§ What you need to do:
Take from the entries below the stretch from the line with "I saw this activity" through the line with "băng khai trương.", and return it exactly, leaving the pictures out.

§ Material provided:
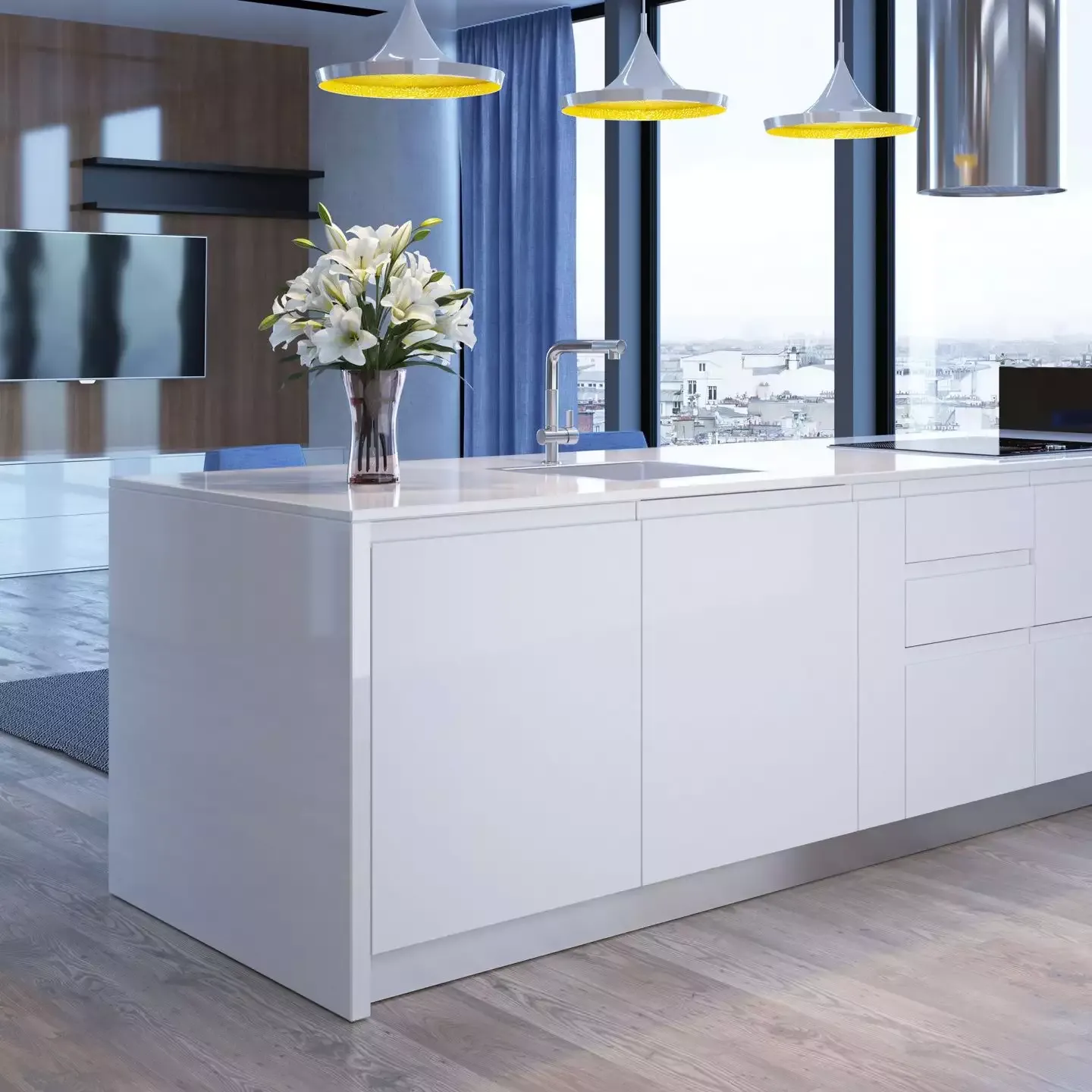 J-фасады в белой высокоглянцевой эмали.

* * *

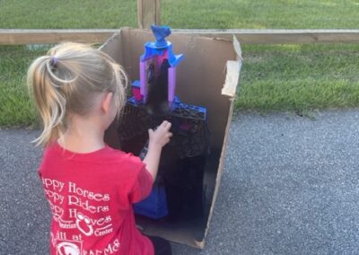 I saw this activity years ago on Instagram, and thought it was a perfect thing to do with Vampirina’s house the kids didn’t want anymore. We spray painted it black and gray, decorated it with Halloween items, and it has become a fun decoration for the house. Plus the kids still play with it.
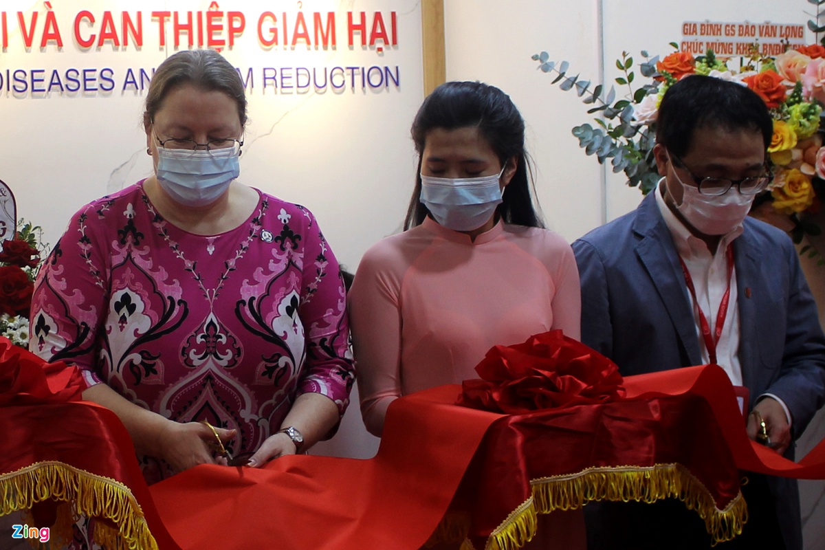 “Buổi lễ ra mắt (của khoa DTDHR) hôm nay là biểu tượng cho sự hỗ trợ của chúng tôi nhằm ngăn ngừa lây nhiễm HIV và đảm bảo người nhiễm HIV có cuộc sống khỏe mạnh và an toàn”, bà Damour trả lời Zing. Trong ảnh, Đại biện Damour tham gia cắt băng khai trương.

§ Reply:
 I saw this activity years ago on Instagram, and thought it was a perfect thing to do with Vampirina’s house the kids didn’t want anymore. We spray painted it black and gray, decorated it with Halloween items, and it has become a fun decoration for the house. Plus the kids still play with it.
 “Buổi lễ ra mắt (của khoa DTDHR) hôm nay là biểu tượng cho sự hỗ trợ của chúng tôi nhằm ngăn ngừa lây nhiễm HIV và đảm bảo người nhiễm HIV có cuộc sống khỏe mạnh và an toàn”, bà Damour trả lời Zing. Trong ảnh, Đại biện Damour tham gia cắt băng khai trương.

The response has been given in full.